The endothermic reaction of ammonium nitrate with water has been proposed as a method for air cooling.[2-5] Global warming has increased the need for cooling, and much of this cooling is needed in areas with lack of access to electricity. The proposed cooling method does not require electricity, and the ammonium nitrate salt is subsequently crystallized using solar energy.[2-5] This research was published in an advanced issue of the journal, Energy & Environmental Science, by scientists from the King Abdullah University of Science and Technology (KAUST, Thuwal, Saudi Arabia) and the Hong Kong Polytechnic University (Hong Kong, China).[2] They call their process NESCOD from "no electricity and sustainable cooling on-demand.[2]

One other approach to passive cooling whose principle I wrote about in an earlier article (Solar Reflecting Paint, November 19, 2018) is to radiate heat to the cold of outer space through a narrow optical passband in Earth's atmosphere at mid-infrared wavelengths (8-13 μm). However, this approach has a low intrinsic thermodynamic cooling power limit of about 160 W/m2, and it can reduce the temperature of the area beneath the cooling material by a mere 10°C.[2]

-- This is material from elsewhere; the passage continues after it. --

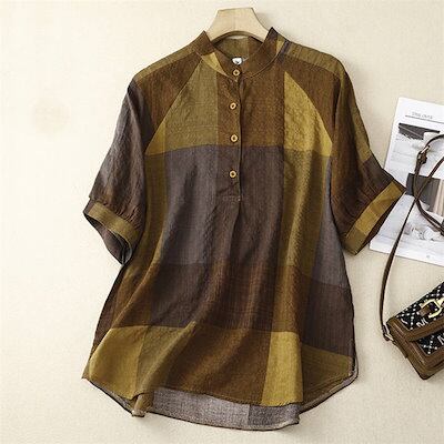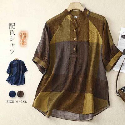 ブラウス レディース シャツブラウス 春 夏 秋 コットン 半袖 半袖ブラウス 柄ブラウス トップス 綿 春夏秋 カジュアル 柄 ギャザー バンドカラー 配色 ナチュラル ゆったり 森ガール 通勤 | gizshop

The endothermic nature of ammonium nitrate mixing with water arises from the disassociation of ammonium nitrate into an ammonium cation and a nitrate anion.
NH4NO3 -> NH4+ + NO3-

Ammonium nitrate has a cooling power that's greater than four times that of ammonium chloride (NH4Cl), its closest competitor.[4] The exceptional cooling power of ammonium nitrate is a consequence of its high solubility in water, which is about 2 kilograms per kilogram of water.[4-5] Another advantage of ammonium nitrate is that it's inexpensive, and it's widely used as a fertilizer.[4-5]

Solar cooling process

The continuous cooling device was constructed as a a tall container made of a sunlight absorbing material wrapped with a water-wicking fabric that's floated on top of the salt solution.[5] The top portion is coated with polytetrafluoroethylene (a.k.a., Teflon®) to prevent the salt crystals from climbing too high on the container.[5] (Created using Inkscape. Click for larger image.)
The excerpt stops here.